The Foreign Office on Thursday said that concerns raised over Pakistan’s general elections during a US Congressional hearing “reflected a misunderstanding” of the country’s situation and electoral laws.
The comments come a day after US Assistant Secretary of State Donald Lu told a Congressional panel that if the Election Commission of Pakistan (ECP) failed to investigate allegations of irregularities in the Feb 8 elections, it will “retard” America’s relationship with Pakistan.
Asked if the ECP’s failure to investigate irregularities would impact US-Pakistan relations, Lu had said it would be an impediment to the relationship of 76 years if Pakistan did not have a democratic process that upholds its own Constitution.
“It will retard our ability to have the type of relationship we want, in security matters, on [the] business front and people to people. All that suffers if Pakistan is not a full democracy,” the diplomat had replied.
“We have never used the term ‘free and fair’ in characterising these elections,” Lu had said in response to a question from Congressman August Pfluger, a Texas Republican.
Responding to a query during a weekly media briefing today, Foreign Office spokesperson Mumtaz Zahra Baloch said “some statements made there (during the hearing) reflected [a] misunderstanding of Pakistan’s domestic situation and electoral laws”.
According to Radio Pakistan, the spokesperson expressed the hope to “engage in meaningful discussion with the United States to address these misunderstandings”.
Zahra emphasised that Pakistan valued its close relations with the US and believed in constructive engagement with it.
While noting that Pakistan respected the prerogative of legislative bodies to discuss international issues, she stressed that “the deliberations of these legislative bodies should contribute [to] promoting positive dynamics in bilateral ties based on mutual respect and understanding”.
US hearing ‘blatant intervention’: Raza Rabbani
Separately, former Senate chairman Raza Rabbani termed the US Congressional hearing a “blatant intervention in the internal affairs” of Pakistan.
In a statement issued today, a copy of which is available with Dawn.com, he said, “Taking up the issue of general elections in Pakistan is a blatant intervention in the internal affairs of a sovereign country.”
The seasoned politician said, “My head as a proud Pakistani, citizen of a free and sovereign country, hung in shame as I watched the proceedings of the subcommittee of the US House yesterday.”
“The proceedings left an impression that Pakistan is not even a client state but one of the states of the USA,” he claimed.
He expressed the concern that “if today interference in internal affairs of Pakistan goes unnoticed, tomorrow it can be matters of our national security that can be taken”.

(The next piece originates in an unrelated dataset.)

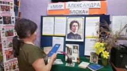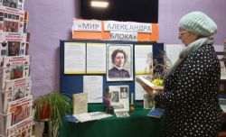 28 ноября исполняется 145 лет со дня рождения Александра Александровича Блока, великого русского поэта и драматурга, чьё творчество оказало огромное влияние на эпоху Серебряного века. В честь этой знаменитой даты в библиотеке прошло мероприятие, посвященное жизни и творчеству великого русского поэта «Мир Александровича Блока». Посетители познакомились с лучшими произведениями Блока, а также материалами, рассказывающими о его жизни и творчестве, с воспоминаниями современников. Библиотекарь рассказала присутствующим биографию поэта и интересные факты из жизни Александра. Каждый желающий мог прикоснуться к творчеству русского поэта, прочитав своё любимое стихотворение. Завершилось мероприятие обсуждением участниками своих впечатлений о творчестве поэта.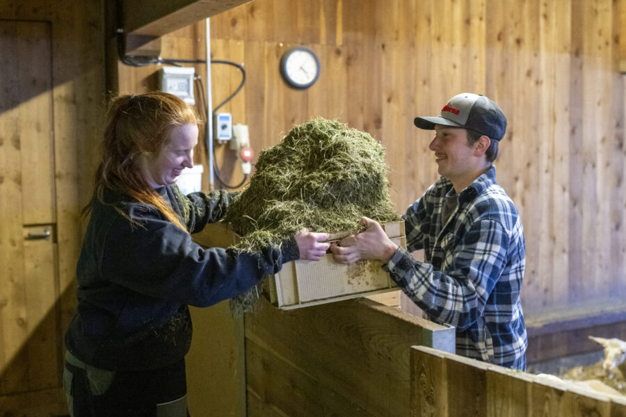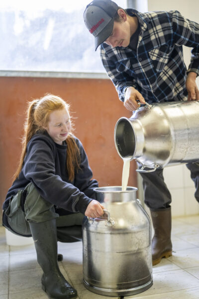 Als wäre es erst gestern gewesen: Ursina und Andri Caviezel zügeln mit ihren Schafen vom alten Stall in Tschlin in den neugebauten Gemeinschaftsstall unterhalb der Gemeinde, bei der Abzweigung zum Schlittelweg nach Chaflur. Sie hatten die einzigen Milchschafe im Engadin und gehörten mit ihrem Betrieb und der engen Zusammenarbeit mit der Käserei Che Chaschöl zu den ersten Bun Tschlin-Mitgliedern. Seitdem sind 20 Jahre vergangen und die zweite Generation übernimmt das Zepter bei Bun Tschlin.

“Bartering of our financial sovereignty to the IMF does not mean that we have become a client state of the West and any country can meddle in our internal affairs,” Rabbani asserted.
Noting that elections had been held in other countries as well but were not brought into question, he urged the Foreign Ministry to take a “belated notice and, warn the US against such intervention.”
“If it is a question of an elected House acting on its own, then tomorrow our Parliament should discuss the US policy on Palestinians, which is creating a destabilising effect in the world, or the various proceedings against Trump,” Rabbani said.
Lu’s testimony
Lu is the diplomat whose supposed warning to former Pakistan Ambassador to the US Asad Majeed was the subject of a cipher sent by the envoy to Islamabad.
The same document was the basis of ex-premier Imran Khan’s allegation of a US conspiracy to oust his government in 2022. The PTI founder is currently on trial for mishandling the same confidential document.
During the US Congressional hearing on Wednesday, Lu termed the allegations against him by Imran — the crux of the ‘cablegate’ cipher controversy — as a “conspiracy theory, lie and complete falsehood”.
When asked if the election results would have been different if alleged irregularities were not committed, Lu said that was for the ECP to decide. However, the diplomat agreed with the suggestion that the ECP should hold re-election if it found evidence of substantial rigging in some constituencies.
“The US does not go around recognising new governments,” he said, when Congressman Greg Casar, a Texas Democrat, asked him if Washington recognises the new government in Pakistan. The US administration, he explained, works with the government in power.